TASK REQUIREMENTS -> Scan the entries for lines with the word "lopen", then copy those lines.

* * * * * * *

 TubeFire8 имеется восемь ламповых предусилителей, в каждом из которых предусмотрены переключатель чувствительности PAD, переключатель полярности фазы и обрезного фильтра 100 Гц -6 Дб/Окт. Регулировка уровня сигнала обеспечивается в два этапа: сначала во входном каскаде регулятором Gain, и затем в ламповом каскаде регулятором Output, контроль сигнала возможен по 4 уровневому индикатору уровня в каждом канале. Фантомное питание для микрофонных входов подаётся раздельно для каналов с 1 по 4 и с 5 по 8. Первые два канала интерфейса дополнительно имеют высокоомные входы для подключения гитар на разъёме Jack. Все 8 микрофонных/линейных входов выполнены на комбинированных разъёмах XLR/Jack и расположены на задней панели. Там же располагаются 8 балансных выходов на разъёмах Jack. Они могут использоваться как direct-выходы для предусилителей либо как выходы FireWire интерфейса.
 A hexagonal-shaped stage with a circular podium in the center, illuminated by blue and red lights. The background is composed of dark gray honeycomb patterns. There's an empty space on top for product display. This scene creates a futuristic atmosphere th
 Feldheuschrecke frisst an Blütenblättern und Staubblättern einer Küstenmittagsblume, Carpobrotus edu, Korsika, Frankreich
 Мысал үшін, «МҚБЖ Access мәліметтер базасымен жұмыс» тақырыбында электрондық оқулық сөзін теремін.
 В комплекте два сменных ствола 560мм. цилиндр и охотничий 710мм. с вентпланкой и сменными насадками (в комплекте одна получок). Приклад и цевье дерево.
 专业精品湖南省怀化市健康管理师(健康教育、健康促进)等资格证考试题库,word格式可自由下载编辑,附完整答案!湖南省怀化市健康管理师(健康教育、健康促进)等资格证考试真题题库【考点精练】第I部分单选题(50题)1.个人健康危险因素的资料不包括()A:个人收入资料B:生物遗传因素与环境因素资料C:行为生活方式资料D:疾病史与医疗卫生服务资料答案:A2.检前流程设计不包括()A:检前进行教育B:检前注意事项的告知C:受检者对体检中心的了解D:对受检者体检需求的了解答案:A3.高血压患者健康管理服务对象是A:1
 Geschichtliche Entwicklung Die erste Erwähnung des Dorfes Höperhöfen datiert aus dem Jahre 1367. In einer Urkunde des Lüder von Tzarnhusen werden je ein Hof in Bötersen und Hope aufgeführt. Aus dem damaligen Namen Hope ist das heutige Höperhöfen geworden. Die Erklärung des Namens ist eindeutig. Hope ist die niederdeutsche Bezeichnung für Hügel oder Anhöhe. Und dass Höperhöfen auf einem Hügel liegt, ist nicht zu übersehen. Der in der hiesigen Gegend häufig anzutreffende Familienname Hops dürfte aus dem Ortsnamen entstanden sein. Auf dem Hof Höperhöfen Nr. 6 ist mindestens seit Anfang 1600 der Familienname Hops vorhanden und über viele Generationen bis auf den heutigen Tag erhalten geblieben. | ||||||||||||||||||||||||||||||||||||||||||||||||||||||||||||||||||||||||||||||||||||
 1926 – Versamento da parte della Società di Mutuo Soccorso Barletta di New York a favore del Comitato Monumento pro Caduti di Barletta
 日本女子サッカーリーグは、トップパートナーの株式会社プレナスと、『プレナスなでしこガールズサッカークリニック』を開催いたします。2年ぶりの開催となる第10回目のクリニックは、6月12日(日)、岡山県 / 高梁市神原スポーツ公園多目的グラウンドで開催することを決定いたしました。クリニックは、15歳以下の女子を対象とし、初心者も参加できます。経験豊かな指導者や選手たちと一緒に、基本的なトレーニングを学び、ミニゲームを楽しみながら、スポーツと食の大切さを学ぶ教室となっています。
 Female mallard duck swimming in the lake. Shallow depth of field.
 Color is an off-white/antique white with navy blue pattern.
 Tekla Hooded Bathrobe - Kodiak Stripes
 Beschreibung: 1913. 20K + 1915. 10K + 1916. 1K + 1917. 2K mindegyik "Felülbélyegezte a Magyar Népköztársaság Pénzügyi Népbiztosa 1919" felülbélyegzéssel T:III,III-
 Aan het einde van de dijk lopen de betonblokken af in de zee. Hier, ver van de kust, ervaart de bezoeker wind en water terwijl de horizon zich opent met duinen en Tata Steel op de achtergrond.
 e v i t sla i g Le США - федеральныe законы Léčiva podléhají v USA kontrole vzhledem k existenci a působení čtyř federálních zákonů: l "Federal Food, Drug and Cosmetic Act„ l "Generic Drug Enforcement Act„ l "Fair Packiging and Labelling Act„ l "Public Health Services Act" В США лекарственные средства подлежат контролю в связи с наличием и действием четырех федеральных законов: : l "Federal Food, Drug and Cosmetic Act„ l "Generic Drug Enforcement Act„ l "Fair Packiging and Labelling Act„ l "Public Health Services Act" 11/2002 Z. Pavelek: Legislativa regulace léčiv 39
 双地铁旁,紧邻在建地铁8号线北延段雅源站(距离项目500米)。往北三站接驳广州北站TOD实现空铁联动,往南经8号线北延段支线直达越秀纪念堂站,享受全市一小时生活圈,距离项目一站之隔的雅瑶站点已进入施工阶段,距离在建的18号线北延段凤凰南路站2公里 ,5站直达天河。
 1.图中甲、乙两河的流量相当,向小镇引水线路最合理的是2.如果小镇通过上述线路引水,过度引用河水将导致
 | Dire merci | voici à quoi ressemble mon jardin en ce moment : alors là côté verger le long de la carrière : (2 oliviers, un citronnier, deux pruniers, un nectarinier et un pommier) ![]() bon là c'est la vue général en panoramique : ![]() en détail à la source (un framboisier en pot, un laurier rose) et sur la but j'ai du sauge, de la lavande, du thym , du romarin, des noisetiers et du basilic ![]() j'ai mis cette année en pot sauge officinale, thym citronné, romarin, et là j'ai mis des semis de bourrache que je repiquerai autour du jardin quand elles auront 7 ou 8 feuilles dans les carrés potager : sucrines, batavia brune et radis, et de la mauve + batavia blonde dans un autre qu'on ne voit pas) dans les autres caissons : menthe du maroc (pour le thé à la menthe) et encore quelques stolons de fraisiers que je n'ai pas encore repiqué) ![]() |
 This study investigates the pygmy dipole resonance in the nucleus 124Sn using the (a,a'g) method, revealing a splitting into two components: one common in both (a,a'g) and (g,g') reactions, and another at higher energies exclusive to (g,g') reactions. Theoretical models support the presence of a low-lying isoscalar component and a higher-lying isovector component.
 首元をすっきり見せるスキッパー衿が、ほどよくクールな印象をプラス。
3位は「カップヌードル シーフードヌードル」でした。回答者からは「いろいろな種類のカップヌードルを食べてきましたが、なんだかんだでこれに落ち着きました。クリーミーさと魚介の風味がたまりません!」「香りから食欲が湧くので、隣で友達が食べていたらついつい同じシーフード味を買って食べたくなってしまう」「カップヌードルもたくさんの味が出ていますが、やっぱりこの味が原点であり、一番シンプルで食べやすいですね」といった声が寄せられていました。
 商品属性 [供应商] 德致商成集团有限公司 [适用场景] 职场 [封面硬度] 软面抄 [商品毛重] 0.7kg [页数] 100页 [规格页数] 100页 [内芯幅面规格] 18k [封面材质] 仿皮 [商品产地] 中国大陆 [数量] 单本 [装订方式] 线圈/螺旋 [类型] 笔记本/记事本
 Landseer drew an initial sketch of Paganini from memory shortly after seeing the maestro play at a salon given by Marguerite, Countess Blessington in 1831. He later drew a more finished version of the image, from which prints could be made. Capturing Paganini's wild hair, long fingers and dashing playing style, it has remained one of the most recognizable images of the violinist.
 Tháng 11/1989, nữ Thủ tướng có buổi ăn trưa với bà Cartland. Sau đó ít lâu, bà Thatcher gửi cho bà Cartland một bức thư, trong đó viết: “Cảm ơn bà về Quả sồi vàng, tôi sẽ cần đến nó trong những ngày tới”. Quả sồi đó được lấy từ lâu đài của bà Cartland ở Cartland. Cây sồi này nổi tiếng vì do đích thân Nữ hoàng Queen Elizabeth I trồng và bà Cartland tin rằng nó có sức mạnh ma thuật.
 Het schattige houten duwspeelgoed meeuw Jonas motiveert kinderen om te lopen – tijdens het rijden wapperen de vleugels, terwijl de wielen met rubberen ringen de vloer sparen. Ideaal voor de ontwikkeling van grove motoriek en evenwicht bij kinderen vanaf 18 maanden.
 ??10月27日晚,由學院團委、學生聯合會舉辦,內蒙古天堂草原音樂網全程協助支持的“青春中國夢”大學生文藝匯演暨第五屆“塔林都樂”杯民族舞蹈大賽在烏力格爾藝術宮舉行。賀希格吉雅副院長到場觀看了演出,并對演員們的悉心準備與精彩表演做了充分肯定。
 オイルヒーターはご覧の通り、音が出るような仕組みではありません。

* * * * * * *

ANSWER FOR THIS EXERCISE ->
 Aan het einde van de dijk lopen de betonblokken af in de zee. Hier, ver van de kust, ervaart de bezoeker wind en water terwijl de horizon zich opent met duinen en Tata Steel op de achtergrond.
 Het schattige houten duwspeelgoed meeuw Jonas motiveert kinderen om te lopen – tijdens het rijden wapperen de vleugels, terwijl de wielen met rubberen ringen de vloer sparen. Ideaal voor de ontwikkeling van grove motoriek en evenwicht bij kinderen vanaf 18 maanden.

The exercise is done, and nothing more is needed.